KR20180096932A - Heat insulating materials for ducts - Google Patents

Abstract

The present invention relates to a warm retaining heat insulator for a duct. The warm retaining heat insulator for a duct comprises: a heat insulating material provided in a form of aerogel cotton; and a shape-retaining layer including a non-woven fabric and an aluminum foil integrally attached to a surface of the heat insulating material in order. The heat insulating material and the shape-retaining layer are bonded to each other through a plurality of bonding lines by an ultrasonic wave or a high frequency method. Preferably, the shape-retaining layer further comprises a PET thin film bonded to the aluminum thin film surface. The warm retaining insulator for a duct of the present invention has an excellent effect in various aspects such as warm retaining/heat insulating performance, light weight, ease of handling, workability, productivity and the like compared with the conventional insulator.

Description

[0001] Heat insulating materials for ducts [

TECHNICAL FIELD The present invention relates to a heat insulating material, and more particularly, to a heat insulating material for a duct which is easy to handle, to construct, and has excellent performance as a construction duct.

Generally, in a building such as a building, a factory or an apartment, a heating method is used in which steam, hot water, or hot wind is produced by a boiler or a hot air furnace, and is distributed through a pipe or a duct. In this method, there is indirect heating in which a heat radiator is installed in a room, and direct heating which directs the room air directly by sending steam or hot water thereto, and indirect heating which keeps the indoor temperature at a target value by sending hot wind to the room. Thus, the term 'duct' refers to a hollow means mainly used for the movement of such a hot gas.

Since the duct is often rectangular or circular in cross section, it sometimes becomes elliptical. Particularly, the hot gas flowing through the duct generates heat loss due to a difference in temperature from the outside. Therefore, The material to be used is a so-called insulation material for ducts.

Conventional thermal insulation materials are not designed for over-designing, such as insulation / insulation treatment in a narrow space, energy loss due to formal insulation / insulation, corrosion due to insulation inside pipes, extra support due to abnormal volume, , Heat insulation effect and durability reduction according to the heat insulation property, breakage of the insulation material during the operation and appearance deformation, human health due to the composition of the insulation material, transportation and storage problems.

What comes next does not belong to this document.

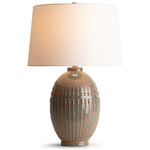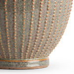 The Pearl Table Lamp features an eye-catching raise pattern along the ceramic. Dotted lines wrap the oval body are finished in a variegated glaze, creating a stippling of warm and cool hues that come to life under the light. 3-Way switch on socket.

In order to solve such a problem, pearlite and glass fiber series have been mainly used as a heat insulating material.

Although the pearlite has an advantage of low cost, it has a disadvantage in that it is weak in moisture, has a high weight and high volume, and is damaged and broken when it is impacted and industrial waste is generated. On the other hand, the glass fiber is advantageous in that it has high heat resistance, but has a problem that the human body is harmful due to the glass needle and the performance and durability are rapidly deteriorated due to the high water absorption. For example, when moisture is absorbed into the heat insulating material, the leaked heat is transferred to the supporting structure, so that the temperature of the lower part of the pipe is significantly different from the temperature of the upper part, thereby damping the performance of the heat insulating material. It causes waste.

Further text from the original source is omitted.